The 2016 Karl Meyer Award goes to Anne Dell

Donald L. Jarvis¹
Secretary, Society for Glycobiology, Department of Molecular Biology, University of Wyoming, Laramie, WY 82071 USA

The Society for Glycobiology is pleased to announce Dr. Anne Dell as the recipient of the 2016 Karl Meyer Lectureship Award.² The Karl Meyer Award was established in 1990 to honor the distinguished career of Karl Meyer and his outstanding contributions to the field of Glycobiology. This international award is given to well-established scientists with currently active research programs who have made widely recognized major contributions to the field of Glycobiology.

Dr. Anne Dell (Professor of Carbohydrate Biochemistry, Department of Life Sciences, Faculty of Natural Sciences, Imperial College London) graduated with a first class honors degree in organic chemistry from the University of Western Australia in 1971. She was awarded a scholarship from the Royal Commission for the Exhibition of 1851, which supported her PhD studies in the Department of Chemistry at the University of Cambridge under the supervision of Howard Morris. This was the start of a scientific collaboration and friendship that continues to this day. It was during her PhD that Anne was first exposed to the analytical power of mass spectrometry, initially for peptides and proteins, but later for other polar biological molecules. After completing her PhD in 1975, Anne moved with Howard to Imperial College and helped him set up the first high mass biopolymer mass spectrometry laboratory in the world.

Anne's initial forays into mass spectrometry for glycopolymer analysis were stimulated in 1979 by a sabbatical visit to Imperial by Clint Ballou, Chair of Biochemistry at Berkeley. Together, they undertook pioneering work revising the structure of the 6-O-methylglucose polysaccharide of Mycobacterium smegmatis utilizing field desorption and fast-atom bombardment mass spectrometry. A few years later, her research on leukocyte glycosylation with Minoru Fukuda at the La Jolla Cancer Research Foundation was fundamental to the emerging field of glycobiology, laying foundations for studies into the roles of carbohydrates in the immune system.

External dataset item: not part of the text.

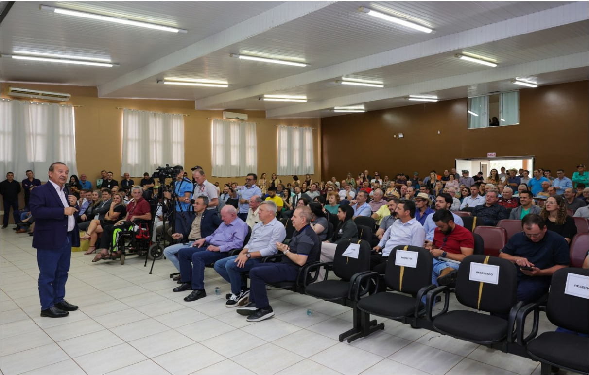
Figura 313: Jorginho Mello, governador de Santa Catarina, no evento de assinatura da ordem de serviço para a restauração da rodovia SC-305

Notório está que o investimento na rodovia é uma questão estratégica do ponto de vista logístico, mas também atende a solicitação da comunidade e de usuários por condições de trafegabilidade e de segurança. Com a ordem de serviço assinada, restou a expectativa pelo início da restauração.

A seminal discovery was her identification of sialyl-Lewis X on neutrophils, pivotal to defining ligands for the selectins when they were cloned in 1989. Anne's characterization of the glycoprotein hormone that controls erythropoiesis (erythropoietin) in the late 1980s was crucial for biopharmaceutical progress, as it provided the first evidence the recombinant product carried natural glycosylation and could be safely used to treat anemia. 

During the ensuing decades with the development of MALDI- and electrospray- mass spectrometry technologies, Anne devised ever more powerful methodologies, which continue to fuel international collaborations. A highlight of this research was the discovery that human sperm-egg binding is mediated by sialyl-Lewis X on the zona pellucida in collaboration with Kay-Hooi Khoo (Academia Sinica, Taipei), Gary Clark (University of Missouri) and William Yeung (University of Hong Kong). 

As highlighted above, Anne's central research philosophy has been to provide structural and glycoinformatic information underpinning worldwide collaborative research in glycobiology. As such, she has advanced glycobiology research in numerous research laboratories around the world. 

As well as being a pioneering glycobiology research scientist Anne is a tireless teacher, mentor, and advocate for glycobiology. She has supervised over forty PhDs students, of whom the vast majority have remained in scientific fields in academia, industry and medicine. In 2004 she established, and continues to head, the Glycobiology Training Research and Infrastructure Centre (GlycoTRIC) at Imperial College. Since then over 70 trainees from all over the world have attended hands-on glycomics courses and glycobiology workshops.

In 2011 Anne was President of the Society for Glycobiology and organized the highly successful annual SFG meeting in Seattle. In addition, throughout her career, Anne has diligently served and championed the field of glycobiology through numerous activities such as membership on the Steering Committee of the NIH Consortium for Functional Glycomics, UK Representative on the International Glycoconjugate Organisation (IGO) Board, Member of the External Advisory Committee for the NIH Program of Excellence in Glycosciences (CardioPEG) Johns Hopkins Department of Biological Chemistry, Chair of the 2001 Glycobiology Gordon Conference and alongside Jerry Hart, has been instrumental in establishing the Society's journal, Glycobiology, and acting as an Executive editor for the journal for 15 years.  

For her outstanding research achievements and dedication to the field of Glycobiology, Anne has previously been recognized with the Whistler Medal of the International Carbohydrate Organisation, the IGO Award of the International Glycoconjugates Society and, in the Queen's birthday honours list of 2009, she was made Commander of the Order of the British Empire (CBE). Anne now adds the Karl Meyer Lectureship Award from the Society for Glycobiology to her list of well-deserved honors.


¹To whom correspondence should be addressed: email [email protected].

²Stuart Haslam, Richard Steet, and Christopher West are acknowledged for their contributions to these essays.